Ligatures in Tesseract OCR Output
September 11, 2015 Leave a comment
Tesseract is an open source OCR engine. It has been open source since 2005, and development on the engine has been sponsored by Google since 2006. It is a command line tool, although there are separate projects that provide a GUI. More information about Tesseract can be found here.
The following advice is known to apply to Tesseract version 3.0.2, but likely also applies to later versions.
While using Tesseract, one curiousity that I noticed is that it frequently outputs ligatures such as “ﬁ” and “ﬂ” rather than individual letters (“f” followed by “i” and “f” followed by “l”. To a human reading the OCR output, this is no problem, as there is little difference to the naked eye between the ligatures and “normal” characters. However, any post-processing or machine validation of the output can be affected by the presence of the ligatures.

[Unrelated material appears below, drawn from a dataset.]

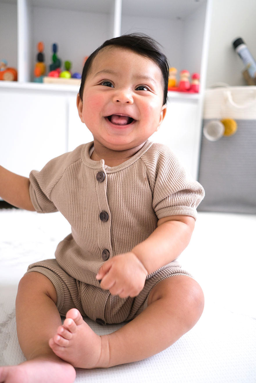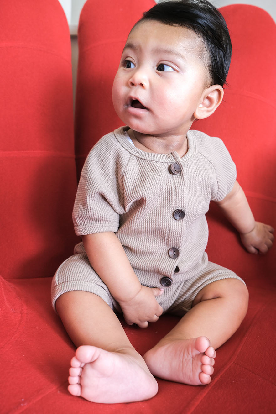 Our Romshaker Baby Romper features button down front, short sleeves and are a comfortable knee length. Made from waffle cotton and spandex fabric, it is lightweight and stretchy making it ideal for summer styling without restricting your little one from play.

There are couple ways to eliminate the ligatures from the output. First, a directive can be added to the Tesseract configuration file. The configuration file is just a plain text file containing space-delimited key/value pairs for Tesseract config variables, each pair on separate line. So, to direct Tesseract to “blacklist”, or not use, specific ligatures, add something like the following to the configuration file:
ff LATIN SMALL LIGATURE FF
fi LATIN SMALL LIGATURE FI
fl LATIN SMALL LIGATURE FL
ffi LATIN SMALL LIGATURE FFI
ffl LATIN SMALL LIGATURE FFL
ſt LATIN SMALL LIGATURE LONG S T
st LATIN SMALL LIGATURE ST
Another way to remove ligatures from Tesseract output is simply to post-process the output (using whatever tool or programming language you prefer), replacing the ligatures with the appropriate characters. This may actually be the better approach. In my own tests, I obtained more accurate final outputs by post-processing the Tesseract output. This blog post also suggests that post-processing is the better approach.